The createVideo_exec.R script is run once daily to generate 7-day videos of hourly sensor data for each community. These are found in the videos/ directory with names like:

videos/2020/11/SCAH_20201101.mp4
videos/2020/11/SCAH_20201102.mp4
videos/2020/11/SCAH_20201103.mp4

R Shiny application

A full-featured, web based user interface was created allowing end users to generate plots of recent data for specific PurpleAir sensors. Our technology of choice was to build an R Shiny application and to host it using R Shiny Server.

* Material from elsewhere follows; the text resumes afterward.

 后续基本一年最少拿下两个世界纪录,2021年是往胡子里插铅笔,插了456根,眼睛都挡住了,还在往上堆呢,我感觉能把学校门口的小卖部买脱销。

Both of these choices are open source products supported by RStudio and currently enjoying widespread adoption by many members of the R/data analysis community.

The shiny application is not part of the AirSensor R package and lives at its own Github URL: https://github.com/MazamaScience/AirSensorDataViewer

This repository contains its own README.md, Makefile and docker/ directory as well as all necessary source code to build and deploy the application.

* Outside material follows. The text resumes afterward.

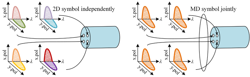Figure 1: Comparative Diagram of Traditional 2D Modulation and Multi-Dimensional Modulation in a Four-Core Optical Fiber Transmission System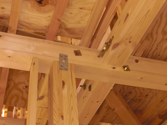 屋根工事が終了いたしました!葺きあがりがとっても綺麗です!大工工事は耐震金物の取付を進めております!

The user interface and back-end server are deployed to an instance of Shiny Server running in a dedicated docker container. This service is the only "always-up" component of the entire system.

The Shiny Server docker container presents ports to the host (MS Azure) instance. The host machine's Apache web server must then be configured with ProxyPass and Rewrite instructions so that the Shiny Server appears at a unique URL rather than a unique server port. For details see:

https://support.rstudio.com/hc/en-us/articles/213733868-Running-Shiny-Server-with-a-Proxy

Interfaces

Within the Shiny application, interfaces are defined by the User Interface specification defined in https://github.com/MazamaScience/AirSensorDataViewer/blob/master/R/app_ui.R.

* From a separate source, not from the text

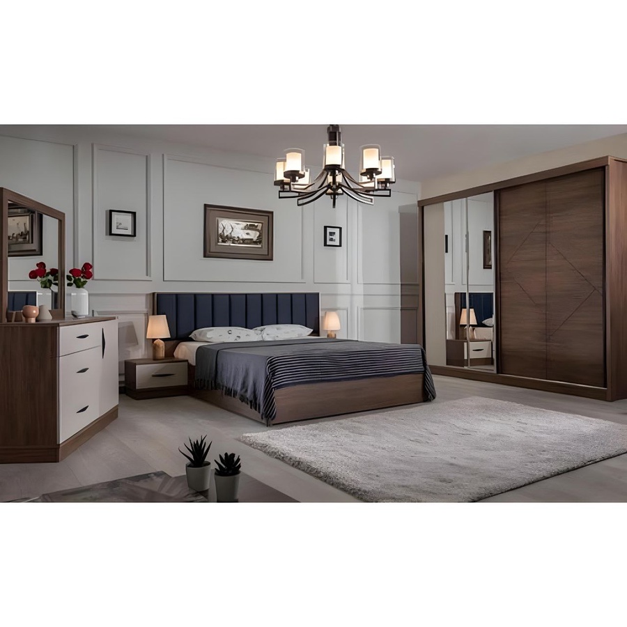 غرفة نوم ماستر خشب ام دي اف أسباني بطبقة خارجية من الميلامين باللون البني والابيض مكونة من سرير و دولاب و 2 كمود وتسريحة

API's to flat file data products are defined by the following naming schemes:

  • pas -- pas/<YYYY>/pas_<YYYYmmdd>.rda
  • pat -- pat/<YYYY>/<mm>/pat_<uniqueID>_<YYYYmm>.rda
  • airsensor -- airsensor/<YYYY>/airsensor_scaqmd_<YYYYmm>.rda
  • video -- videos/<YYYY>/<mm>/<community>_<YYYYmmdd>.mp4

Security

Security issues with this system of interactive components are very minimal.

Data ingest and processing inside of docker containers on the host machine presents no known security issues.

Standard Apache security settings for read-only files is sufficient for access to data files.

The public-facing Shiny user interface does not require any authentication so the open source version of Shiny Server is appropriate for the task. As deployed, this server lives inside of it's own docker container, thus protecting the host instance from any kind of attack. Docker settings can be used to automatically reboot the shiny server if for some reason it stops responding.

Additionally, because of the "reactive" design of Shiny applications, only changes to widgets defined in the application user interface can cause code to be run on the back end.